Conversely, a lower protein diet may be associated with living longer. Studies have found that one amino acid, particularly high in animal-based sources of protein, is associated with how long you live: methionine.
Overeating red meat or dairy is linked to an increased risk of heart disease.
However, this probably isn’t referring to the protein itself. Rather, it’s referring to the saturated fats also present in meat and dairy. So, swapping meat for plant-based sources of protein can improve heart health.
A low-fiber diet is associated with gut issues – especially constipation. Many animal-based high-protein sources are low in fiber, which you need to keep stuff moving through your gut.
Studies suggest that eating a lot of protein can lead to calcium loss in your bones. Amino acids are acidic, so your body needs to compensate for the extra acidity by drawing alkaline minerals from your bones.
As doing lots of training also increases the acid load, high-performance athletes should consume more magnesium, potassium, and 1500 mg of calcium to counteract the effects.
What if You’re Not a “High-Performance” Athlete?
You probably don’t have to worry. Combined with exercise, protein can have a beneficial impact on bone health – especially reducing the risk of osteoporosis in postmenopausal women (without leading to weight gain).
Studies show that eating too much meat can increase your risk of cancer and overall mortality risk. Red or processed meat is especially linked to a higher risk of colorectal cancer – one of the most common cancers of the digestive tract.
People with kidney disease are usually told to follow a low-protein diet. That’s because when you overeat protein, your kidneys need to do more work to filter the excess amino acids into your pee. Athletes may also experience slightly reduced kidney function on a high-protein diet.
However, studies show that a high-protein diet isn’t usually a problem for those with healthy kidney function doing a normal amount of exercise.
A weight-loss study that put healthy obese people on a high-protein diet for two years found no problems associated with kidney function or electrolyte balance.
The recommended amount of protein you should eat depends on how much physical activity you do. The more exercise you do, the more your muscles need to be repaired and the more protein you need.
Standard recommendation: 0.8 grams/kilogram body weight or 15-16% of energy intake.
- Mildly active: 0.8-1.2 g/kg body weight.
- Very active: 1.2-1.4 g/kg body weight.
- Professional athlete or bodybuilder: 1.4-2.0 g/kg body weight.
- Some evidence exists that 3 g/kg may have beneficial effects on body composition – but only in resistance-trained athletes.
- Pregnant women: an extra 1 gram in the first trimester, nine grams during the second, and 28 grams during the third trimester.
- Breast-feeding women: an extra 19 grams/day in the first six months of lactation and 13 grams/day after that.
Your body isn’t physically able to use more than 2.0 grams of protein per kilogram (kg) of body weight (calculated for extremely active individuals), so if you exceed this, it will be used as energy rather than building proteins.
Best Sources of Protein
The best sources of protein are those that contain all nine essential amino acids.

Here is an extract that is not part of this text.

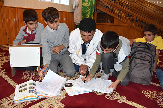 Öğrencilerden Esma Akar da okuldan çıktıktan sonra hemen camiye gittiklerini anlatarak, "Camiye geldiğimizde ilk önce Kur'an-ı Kerim dersi alıyoruz ardından hocamızla okul ödevlerini yapıyoruz. Anlamadığımız soruları imama soruyoruz ve bize yardımcı oluyor. Camide ödevimizi bitirdikten sonra eve gidiyoruz, evde onları tekrar ediyoruz." diye konuştu.
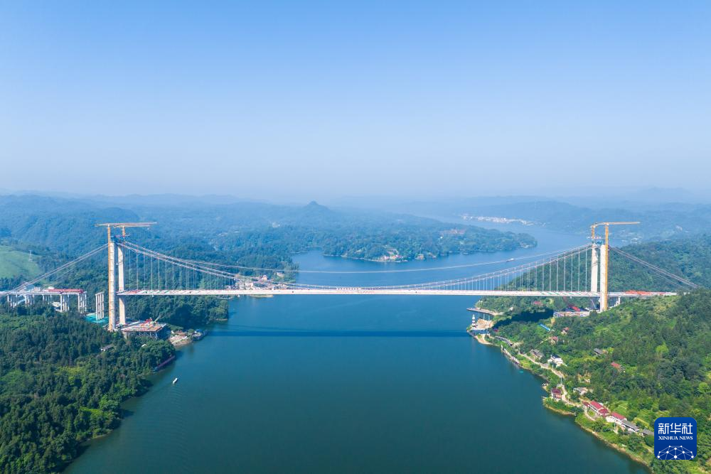 这是8月3日在怀化市沅陵县拍摄的施工中的张官高速洞庭溪沅水特大桥(无人机照片)。

A complete protein is only found in animal products and some vegetarian sources, such as soy and hemp seeds. Other vegetarian sources can be combined to make an essential amino acid profile.
- Lean chicken
- Lean pork
- Low-fat yogurt
- Parmesan cheese
- Lean beef
- Seeds (pumpkin seeds, hemp seeds)
- Legumes (beans, peas, and lentils)
- Soy and soy products (i.e. tofu)
The Bottom Line
Protein is an essential nutrient your body needs to build muscle, organs, bone, enzymes, antibodies, and other functional proteins. High-protein diets have also been shown to help boost satiety, lower overall calorie intake, and improve weight loss and body composition.
However, when it comes to the question, “does protein turn into fat?” the answer is “yes” if you eat much more protein and calories than you need. So, make sure to eat enough protein for your activity level but don’t overdo it.
To avoid some of the negative side effects of a high-protein diet, opt for plant-based sources rather than animal sources of protein.